Celebrating the holiday season on a limited budget can occasionally feel like working for Mr. Scrooge! But take heart: the true joys of the season are there to be enjoyed no matter what your budget. Here. 12 tips to inspire a frugal holiday.

Decorate on a budget

Use the decorations you have, but in new ways. A large glass bowl filled with glass ball ornaments — all the same colour or mix them up — is a trendy look this year. Group similar ornaments to create displays. Place nutcracker ornaments in one area, Santas in another.

Bread dough ornaments: mix 2 parts flour, 1 part water, and 1 part salt into a dough. Colour with food colouring if desired. Roll out with cookie cutters or use like clay to shape into ornaments. Pierce with a hole for hanger (if hanging) before baking. Bake at 300 degrees Fahrenheit for one hour. Cool and paint or use permanent markers to decorate. A coating of acrylic shellac will preserve colour.

Spray pine cones, whole walnuts and branches with gold or silver spray paint and scatter them around your house for a touch of shine.

For an inexpensive and stunning centrepiece (caution: will only last a few hours): Line a large plastic or metal bowl with cedar or other evergreen branches and a ring of cranberries around the bottom. Carefully fill 1/3 full of water; place smaller bowl inside and fill with stones or other freezable weights until water is almost at lip of large bowl. Freeze overnight. Remove from freezer and remove first small bowl and then larger, using warm water to warm bowls if necessary. Place ice bowl on tea-towel lined platter (platter must have a lip) and fill with fruit.

Boil cinnamon sticks with cloves on the stove to give your home that holiday scent — purchase spices for this purpose from discount stores.

Wrap it up

Start with inexpensive brown butcher’s paper, paper bags, newsprint, tissue paper from purchases, or even newspaper. Use stencils (available at dollar stores) and poster paints to decorate the surface.

Or for a more sophisticated look, use brown paper and then glue the front of an old Christmas card, or layer different-sized Christmas cutouts (from the same stencils, or go freehand) onto the middle of the gift.

Rubber stamps are also in again and sometimes can be found at dollar stores — but beware: these can also be a premium item you think will save you money, but will actually cost you more than inexpensive wrapping from a dollar or discount store.

Gifts galore

Gifts from your kitchen provide holiday warmth to friends and loved ones. Choose recipes that are heavier on time than on expensive ingredients — sugar cookies are a great example. Use tins purchased from thrift stores or dollar stores, or recycled from purchases last year, or baskets found at thrift stores or garage sales. Other presentation ideas: wrap in inexpensive tea towels from dollar stores, or fill mugs from the same with small cookies and candies.
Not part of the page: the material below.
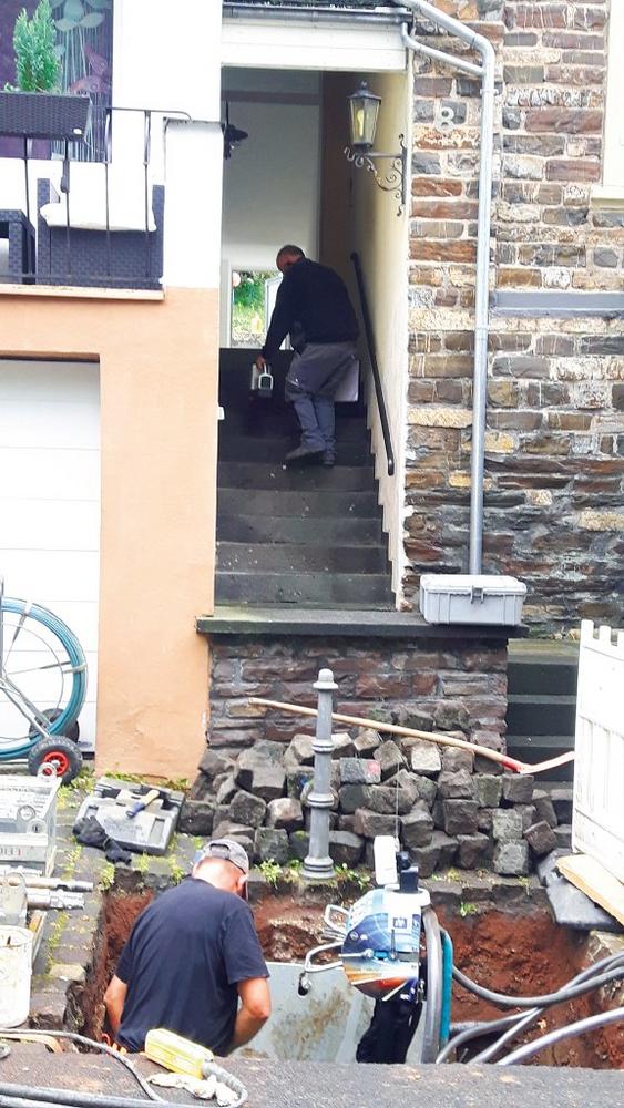 Für die neue Wasserleitung wurden Schutzrohre vom Typ PE DN 50 sowie Wasserrohre PE DN 40 eingezogen. Aus einer kleinen Grube in der 46 Meter entfernt liegenden Straße arbeitete sich der GRUNDOPIT mit dem „Hard Drill Head“ HDH durch den Untergrund bis zur Zielgrube. Der Boden zeichnete sich durch eine sehr inho-mogene Beschaffenheit aus: Fels, Lavagestein und lehmige Schichten wechselten sich oft unvermittelt ab. Die Pilotbohrung für den Hausanschluss mit Durchmesser 88 mm verlief unter bestehender Bebaung steil einen Hang hinauf – zunächst unterhalb von Treppen, unter einem Hausflur und einer gepflasterten Terrasse, einem Gartenbeet, einer Wiese und verschiedene Wegen, bevor der Bohrkopf schließlich am Endpunkt die Zielgrube erreichte. Die Bohrung verlief zwischen 1,0 und 3,5 Metern Tiefe und wies Neigungen bis zu 46 % auf. Bei der Räumbohrung wurde mit einem Mischungsverhältnis der Bohrspülung von 15 kg zu 1000 l Wasser gearbeitet, wie Oliver Pöllmann erklärte.

Give the gift of time. We’ve all heard of the babysitting or handyman time gift coupons. (Other ideas include housekeeping, cooking, and gardening.) One of the secrets to making this work is to make the certificate really beautiful — use gold or silver gel pens and markers or your computer and tasteful clip art and print on heavy paper. But another secret is to actually take the initiative to call after giving the certificate and set up a time to come and make the gift happen. Put a note in your calendar to give recipients a call in January or February to set the date (or spring, in the case of gardening gifts!)

The gift of memories is a large one: create a photo CD or scrapbook; write family stories and create a book, or make a recipe book of family favourites.

For children you can also give the gift of time and create memories. Give a small gift under the tree and link it to a special time with them — for example, you can give an inexpensive magic wand and then host a “fairy tea” at your house; give a small fire engine and take a grandchild to the local fire station (call in advance), or give art supplies and then visit a local museum and gallery. Parents may well also appreciate the babysitting! (Check with them in advance to set up the time, as kids will need a concrete date to look forward to.)

Most of all, take the time out to enjoy the company of each other this season. All the best!